Carbon2Chem

製鋼所の製鋼工程で発生する二酸化炭素(CO2)などのガスを燃料、樹脂、肥料などの化学製品の生産に活用することを目指すドイツの共同研究プロジェクト。基礎研究の成果を市場投入できる段階に発展させるための研究開発に取り組む。

同プロジェクトには、独鉄鋼大手ティッセンクルップなどの民間企業や、マックスプランク研究所、フラウンフォーファー研究所、大学などの研究機関の計17パートナーが参加している。

プロジェクトのパートナーは2025年までに1億ユーロ超の投資を計画。また、ドイツ連邦教育研究省(BMBF)は同プロジェクトに6,000万ユーロ以上を支援している。

製鋼工程で発生するガスは従来、燃焼させて電気や熱に変換し、製鋼工程で使用してきた。今回のプロジェクトでは、製鋼工程で発生するガスを化学製品に活用することを目指す。製鋼工程で発生するガスには、水素、窒素、炭素などが含まれている。ただ、例えば、製鋼所で発生するガスをアンモニアに変換し、化学肥料の原料とする技術はすでに確立しているが、経済性を確保できていないという。

Carbon2Chemでは、市場投入できる水準に達するには少なくとも10年の開発期間が必要であると見込んでいる。

また、Carbon2Chemの取り組みを通した技術により、将来、鉄鋼業界が排出する二酸化炭素(CO2)のうち年2,000万トンを経済的に活用できると見込んでいる。

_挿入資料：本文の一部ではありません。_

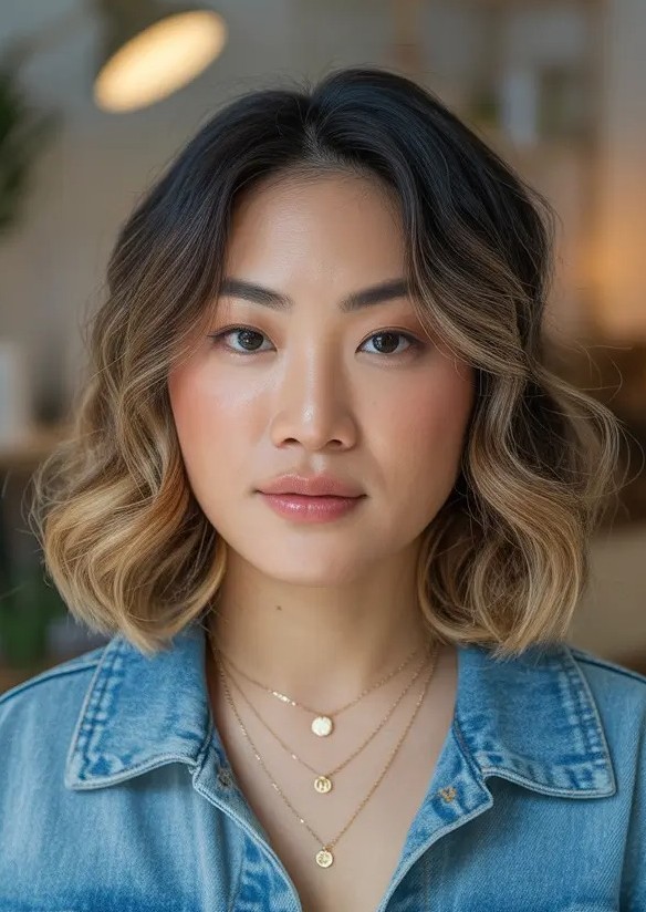 The subtle ombre wavy lob is a perfect choice for round faces, blending soft waves with gentle color transitions to create dimension and movement. The lob, falling just below the chin or to the shoulders, helps elongate the face while balancing fuller cheeks. Side-swept layers or a slight side part add vertical lines, slimming the face and highlighting natural features. The subtle ombre effect draws the eye downward, enhancing the overall shape without adding width.

ティッセンクルップ・スチール・ヨーロッパの本社のあるデュースブルクではこのほど、同社の敷地内にCarbon2Chemの技術センターを建設するための鍬入れ式が行われた。同技術センターは、Carbon2Chemの開発プロジェクトで中心的な役割を担うという。2018年春に完成する予定。

ティッセンクルップは同センターの建設に3,380万ユーロを投資する。また、BMBFは支援予算から約1,000万ユーロを技術センターの設備などに拠出する。